8.5 Reflection questions

What is the difference between character strings, factor variables, dates, numeric variables, integer variables, and logical variables?
What are the different str_*() functions? What do they do?
What are the different fct_*() functions? What do they do?
What does the all do in functions like str_replace_all() (as compared with str_replace())?
Are the str_*() functions case sensitive?
Can str_*() functions take variables that aren’t strings?
Can fct_*() functions take variables that aren’t factors?
Can lubridate functions take variables that aren’t time or data objects?
How do the str_*() functions work inside the tidy pipeline?

8.6 Ethics considerations

Why is the calculation of January 31 + one month interesting and/or an ethical consideration?
Why is it often important to relevel your factor variables when making a data visualization?
Why are timezones important to pay attention to?
What does this mean: If x is a string it can take any value.
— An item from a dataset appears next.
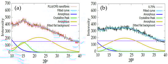 The intensity of the XRD peak of PLLA/HA nanofibers also exhibited a similar pattern after the addition of the HA particle via electrospinning [56]. Kim et al. [41] also found a reduction in intensity and peak widening after calcium phosphate was added to create a gelatin of the nanofibers solution. The possible reason is due to low crystallinity or changes in crystal size to a smaller crystal. Table 2 shows the change in crystallite size with the increase in β-TCP content in the composite nanofiber. The increase in β-TCP in the sample resulted in a decrease in crystallite sizes. The sample with a batch of β-TCP exhibited lower peak intensity and FWHM according to the data compared to the sample without of β-TCP particles. However, at 1% of β-TCP, the crystallite size cannot be obtained. This phenomenon may due to inference with the crystallinity peak of the β-TCP mineral at a high amount (1%). Figure 11a,b show the fitting curves of crystallinity change of the composite with and without the β-TCP particle.
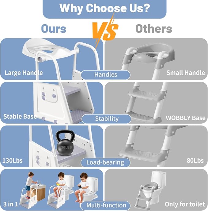 - 【3 in 1 Multiple Uses】Are you tired of buying separate stools for bathroom, kitchen and toilet? Spluvvly 3-in-1 potty traing seat eliminates clutter while meet your child's needs. Not only to help toddlers with potty training, but also used in more occasions, genuinely fostering children independence.

If x is a factor it can only take a values from a list of all levels. ?
Name one thing that you noticed about types of variables in the course materials (either in class or reading the notes, etc.) where you thought to yourself “Oh, I’ll have to be really careful about that.” Why would you need to be careful?

Grolemund, G., and H. Wickham. 2011. “Dates and Times Made Easy with lubridate.” Journal of Statistical Software 40 (3). http://www.jstatsoft.org/v40/i03/paper.